→ **GIVEN DATA**:
-------------------------
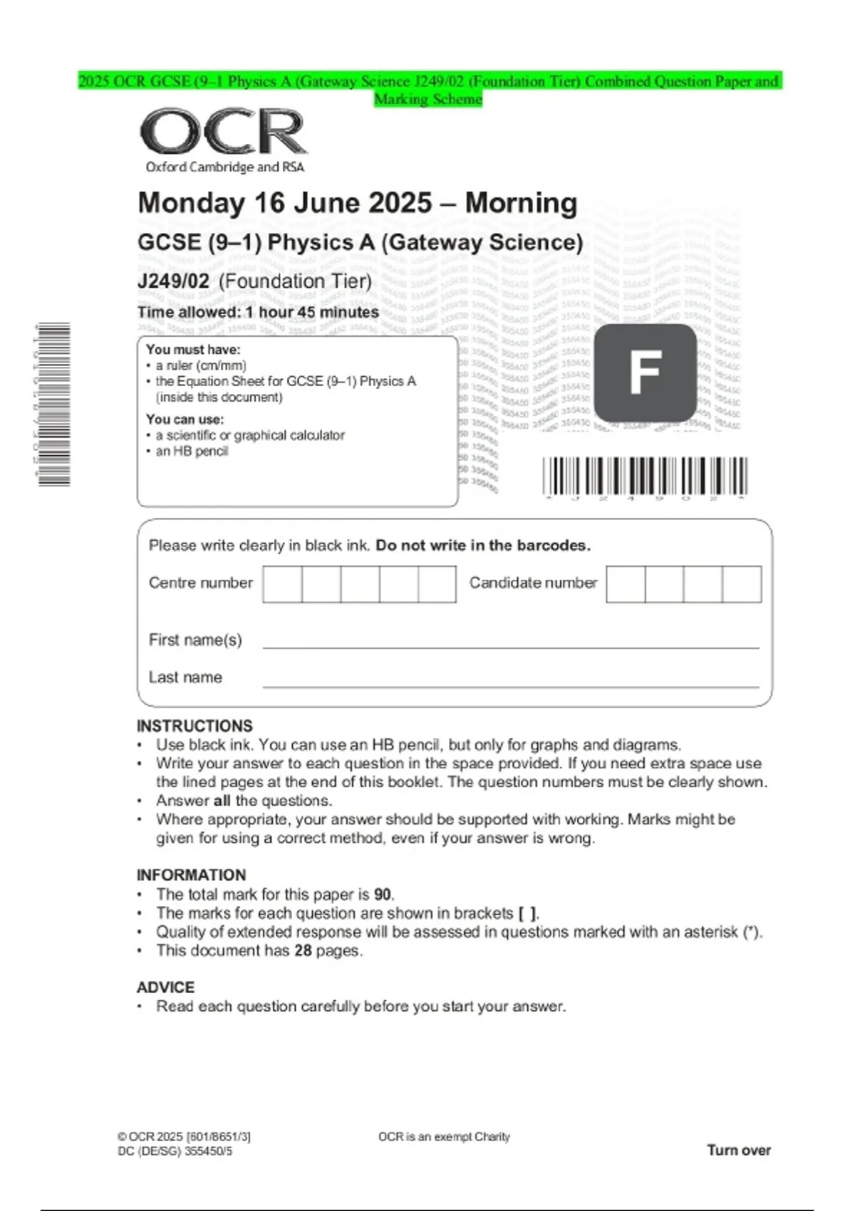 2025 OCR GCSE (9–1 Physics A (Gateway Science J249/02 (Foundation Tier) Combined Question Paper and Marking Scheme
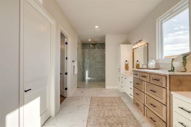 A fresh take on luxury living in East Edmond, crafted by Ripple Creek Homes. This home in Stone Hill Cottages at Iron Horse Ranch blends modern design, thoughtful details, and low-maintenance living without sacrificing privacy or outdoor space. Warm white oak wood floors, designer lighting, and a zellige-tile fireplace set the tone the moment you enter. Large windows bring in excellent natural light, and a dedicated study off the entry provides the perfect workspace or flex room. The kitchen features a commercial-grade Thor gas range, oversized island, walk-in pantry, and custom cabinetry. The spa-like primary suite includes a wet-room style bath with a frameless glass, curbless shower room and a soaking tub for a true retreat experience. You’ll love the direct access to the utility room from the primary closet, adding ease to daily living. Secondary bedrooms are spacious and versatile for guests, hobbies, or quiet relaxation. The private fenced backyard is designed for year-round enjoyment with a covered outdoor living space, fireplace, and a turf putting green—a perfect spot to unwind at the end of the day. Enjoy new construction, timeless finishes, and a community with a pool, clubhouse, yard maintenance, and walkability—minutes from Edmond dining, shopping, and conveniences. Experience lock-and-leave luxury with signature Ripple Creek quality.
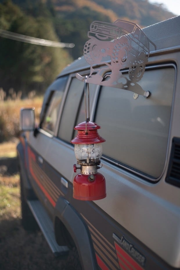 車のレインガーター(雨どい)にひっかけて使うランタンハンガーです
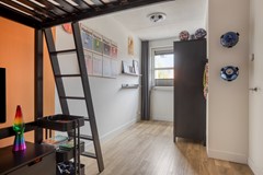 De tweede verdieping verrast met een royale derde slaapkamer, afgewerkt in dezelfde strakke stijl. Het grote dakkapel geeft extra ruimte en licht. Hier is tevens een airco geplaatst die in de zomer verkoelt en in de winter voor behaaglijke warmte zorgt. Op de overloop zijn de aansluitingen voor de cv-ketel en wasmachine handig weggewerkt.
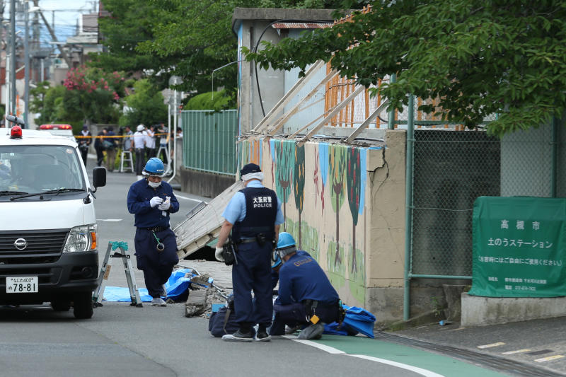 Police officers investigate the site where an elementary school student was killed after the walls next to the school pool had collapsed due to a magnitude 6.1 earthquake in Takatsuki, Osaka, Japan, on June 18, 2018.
-------------------------
Here the records must be restated exactly, minus any images.

→ **WRITTEN ANSWER**:
 2025 OCR GCSE (9–1 Physics A (Gateway Science J249/02 (Foundation Tier) Combined Question Paper and Marking Scheme
 A fresh take on luxury living in East Edmond, crafted by Ripple Creek Homes. This home in Stone Hill Cottages at Iron Horse Ranch blends modern design, thoughtful details, and low-maintenance living without sacrificing privacy or outdoor space. Warm white oak wood floors, designer lighting, and a zellige-tile fireplace set the tone the moment you enter. Large windows bring in excellent natural light, and a dedicated study off the entry provides the perfect workspace or flex room. The kitchen features a commercial-grade Thor gas range, oversized island, walk-in pantry, and custom cabinetry. The spa-like primary suite includes a wet-room style bath with a frameless glass, curbless shower room and a soaking tub for a true retreat experience. You’ll love the direct access to the utility room from the primary closet, adding ease to daily living. Secondary bedrooms are spacious and versatile for guests, hobbies, or quiet relaxation. The private fenced backyard is designed for year-round enjoyment with a covered outdoor living space, fireplace, and a turf putting green—a perfect spot to unwind at the end of the day. Enjoy new construction, timeless finishes, and a community with a pool, clubhouse, yard maintenance, and walkability—minutes from Edmond dining, shopping, and conveniences. Experience lock-and-leave luxury with signature Ripple Creek quality.
 車のレインガーター(雨どい)にひっかけて使うランタンハンガーです
 De tweede verdieping verrast met een royale derde slaapkamer, afgewerkt in dezelfde strakke stijl. Het grote dakkapel geeft extra ruimte en licht. Hier is tevens een airco geplaatst die in de zomer verkoelt en in de winter voor behaaglijke warmte zorgt. Op de overloop zijn de aansluitingen voor de cv-ketel en wasmachine handig weggewerkt.
 Police officers investigate the site where an elementary school student was killed after the walls next to the school pool had collapsed due to a magnitude 6.1 earthquake in Takatsuki, Osaka, Japan, on June 18, 2018.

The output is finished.